There is a concept in computing which is known by various names, but perhaps the most common is the Robustness Principle. It can be summarised as:

Be liberal in what you accept, and strict in what you produce.

This is originally related to TCP implementations but has since been applied to almost all higher level protocols over time. The general concept is that when implementing a protocol you should be as careful as you can in what you generate, so that even the simplest of implementations can easily interpret your output; and that when interpreting what another implementation has sent to you, do your best to do something useful with what you receive, even if it is not the most correct of messages.
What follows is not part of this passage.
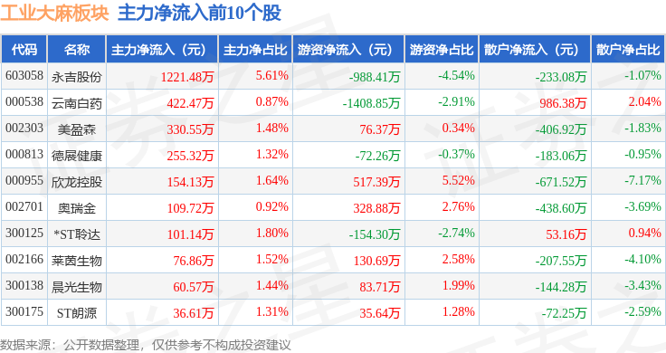 从资金流向上来看,当日工业大麻板块主力资金净流出2.65亿元,游资资金净流入7213.94万元,散户资金净流入1.93亿元。工业大麻板块个股资金流向见下表:
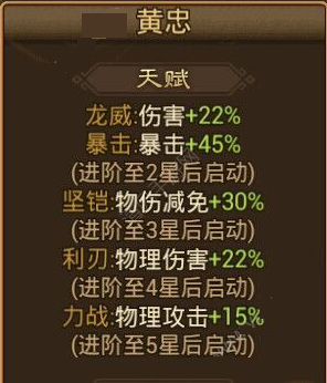 黄忠:橙将二星增加45%暴击,黄忠是一个后排输出武将使用暴击和强大的物理伤害进行攻击不得不提就是黄忠的天赋都是为了输出产生的一个强力武将推荐使用:五星

This is a good principle to work to, but like all good things, it can be taken to extremes; and in extremis it is a gun loaded and pointed at your head. In general, being strict in what you produce can't really result in damage, but taking liberal acceptance to extremes is what causes confusing and unusual attacks being possible. An excellent example of just how bad things can get when you're a little to liberal can be found at Bouke van der Bijl's Blog related to attacking Redis, Memcached, and Elasticsearch bound to localhost.

A useful corollary to the robustness principle is do not trust user input.

For your homework this week, go and have a look at something you have which processes input, generates output, and/or speaks any protocols. (This ought to be almost any software you have written). Look over that software's implementation of input data sanitisation or protocol implementations and decide if there's anything you could do to improve matters. Then improve them and feel better about yourself for a little bit.